# how to separate silver from silver alloy electrical contacts



## michael762x39&amp;24k (Mar 18, 2012)

really new to this. i have alot of silver alloy contacts. i know typically that they are only 70 to 90 percent silver and the rest is usually cadmium. how do i extract the silver from the alloy.


----------



## jimdoc (Mar 18, 2012)

michael762x39&24k said:


> really new to this. i have alot of silver alloy contacts. i know typically that they are only 70 to 90 percent silver and the rest is usually cadmium. how do i extract the silver from the alloy.



You can start by searching the forum. It has been discussed many time already.
That is usually the best way to learn anyway.

Jim


----------



## butcher (Mar 18, 2012)

The search engine that came, with the program for the forum is not as good as the one on Laser Steve's web site, find a post by Steve, and a link to his site and try his search tab, it works better for me.


----------



## FrugalRefiner (Mar 19, 2012)

Michael,

Welcome to the forum! If you're willing to invest some time you will find all the information you need here on the forum and on Lazersteve's web site.

There are 2 parts to the process in extracting your silver from your contacts. The first part is "recovery" where you'll separate your silver from MOST of the other metals in the alloy. This is usually accomplished by digesting (dissolving) the contacts into an acid solution, then "cementing" the silver out of solution with a piece of copper metal (the copper replaces the silver in the solution). This will give you metalic silver that should be about 98 to 99% pure.

The second step is to "refine" the cemented silver to a higher purity using an electrolytic silver cell to "part" the silver from the remaining contaminants. Done correctly, this will yield silver that will be 999 fine (99.9% pure).
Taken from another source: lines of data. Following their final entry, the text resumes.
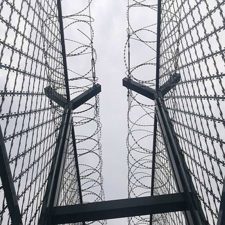 監(jiān)獄鋼網(wǎng)墻(監(jiān)獄圍墻網(wǎng))技術(shù)要求:監(jiān)獄鋼網(wǎng)是一種新型鋼網(wǎng) ,技術(shù)要求較高、隔離防護效果要強、不能翻越。通常采用銳利尖角鍍鋅鋼板或不銹鋼薄板做刀片,鋼絲做芯線組合而成的防護器材該產(chǎn)品具有嚇阻、防翻越等效果,材質(zhì)堅硬,高強度,高張力,造型設(shè)計獨特,不宜觸摸,因而能達到極好的防護隔離效果。還具有施工簡便,經(jīng)濟實用等優(yōu)點。1.監(jiān)獄鋼網(wǎng)墻(監(jiān)獄圍墻網(wǎng))采用方管,角鋼,刀片剌網(wǎng),鋼板網(wǎng)等鐵件采用熱鍍鋅,鍍鋅量不小于220克/m2 ,后加PVC浸塑處理,塑層厚 度0.38mm ,浸塑顏色為黑色.2.監(jiān)獄鋼網(wǎng)墻(監(jiān)獄圍墻網(wǎng))蛇腹型刀剌網(wǎng)采用熱鍍鋅加噴塑(雙層防腐)塑層厚度0.2mm.3.連接件采用螺栓熱鍍。4.門規(guī)格一般為: 1000*2000平開門。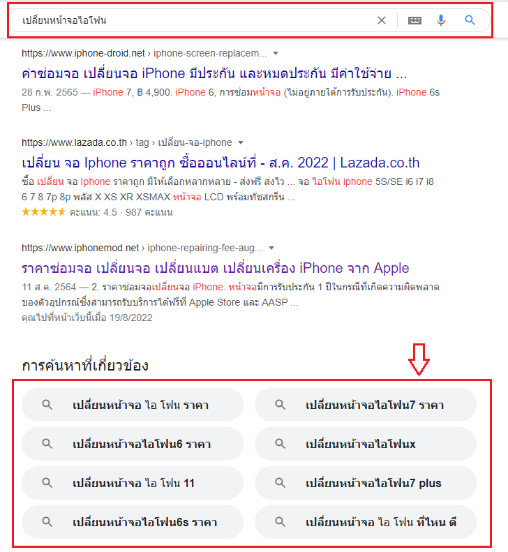วิธีเบื้องต้นดูจากผลการค้นหาที่เกี่ยวข้องที่แสดงอยู่ใต้ล่างผลการค้นหาบน Google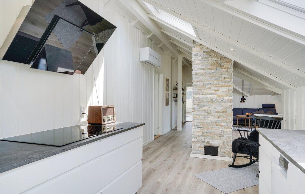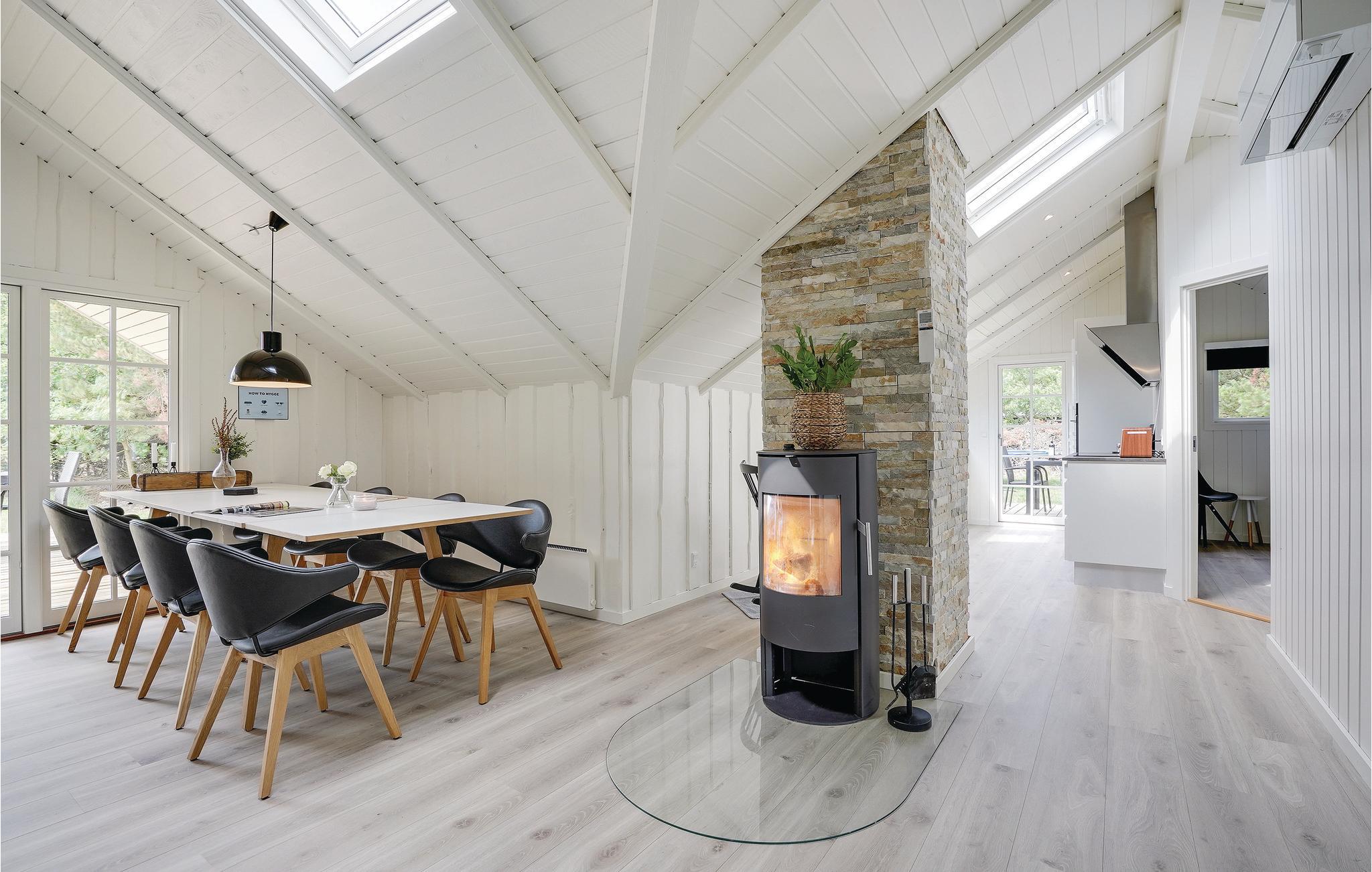 Sehr schönes, hell und geschmackvoll eingerichtetes Ferienhaus in Blåvand in fußlaäufiger Entfernung zum Ortszentrum und dem Brausen der Wellen an der Nordsee. Das Haus ist totalrenoviert. Mitten im Haus steht der Kaminofen, der schön gemauert ist, hier gibt es eine behagliche Sofaecke, und aus der Küche können beim Essenmachen alle Aktivitäten im Haus mitverfolgt werden. Vom Wohnzimmer gelangen Sie auf die große, teilweise überdachte Terrasse mit guten Gartenmöbeln und auf der Südwestseite des Hauses liegt die Abendterrasse mit Grill. Das Ferienhaus steht auf einem sehr großen und ungestörten Naturgrundstück mit viel Platz für Ballspiel und andere Aktivitäten.

This is a very general overview of the process. Your own studies will fill in the details of what kind of acid, how much, etc.

I would suggest you start your studies in the Safety section of the forum so you have an understanding of the risks of dealing with the chemicals and processes used. Then you can study the Silver section for information specific to silver recovery and refining. You'll find numerous topics in that section that deal with contacts.
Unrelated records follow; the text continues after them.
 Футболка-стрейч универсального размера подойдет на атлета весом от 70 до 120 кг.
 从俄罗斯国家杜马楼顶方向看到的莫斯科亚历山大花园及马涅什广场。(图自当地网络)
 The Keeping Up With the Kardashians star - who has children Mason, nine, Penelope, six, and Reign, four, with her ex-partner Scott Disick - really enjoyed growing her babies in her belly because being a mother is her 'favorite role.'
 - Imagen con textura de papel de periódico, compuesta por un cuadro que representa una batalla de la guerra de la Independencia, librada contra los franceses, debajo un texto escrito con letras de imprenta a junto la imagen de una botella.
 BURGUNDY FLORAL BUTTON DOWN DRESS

Visit Lazersteve's web site at http://goldrecovery.us/. He has several videos dealing with silver.

I would also STRONGLY suggest you download a copy of C.M. Hoke's book, Refining Precious Metals Wastes available here http://goldrefiningforum.com/phpBB3/download/file.php?id=2480.

Once you've spent some time reading you'll understand the process.

And above all, do NOT do anything until you have the appropriate personal protective equipment, a full face shield, an acid resistant apron, and acid resistant gloves at a minimum.

Hope this helps,
Dave


----------



## nickvc (Mar 19, 2012)

Michael you should also be aware that tungsten silver contacts are very common, they normally have a waffle pattern on them, they usually are around 45% silver but take some processing to extract the values, this is all outlined here on the forum.
Please take note of the warning over safety, nitric acid and it's noxx gases aren't to be taken lightly.
Welcome to the forum.


----------



## old thompson (Mar 19, 2012)

Welcom to the forum.

You will also want to do a search for "silver +cadmium".


----------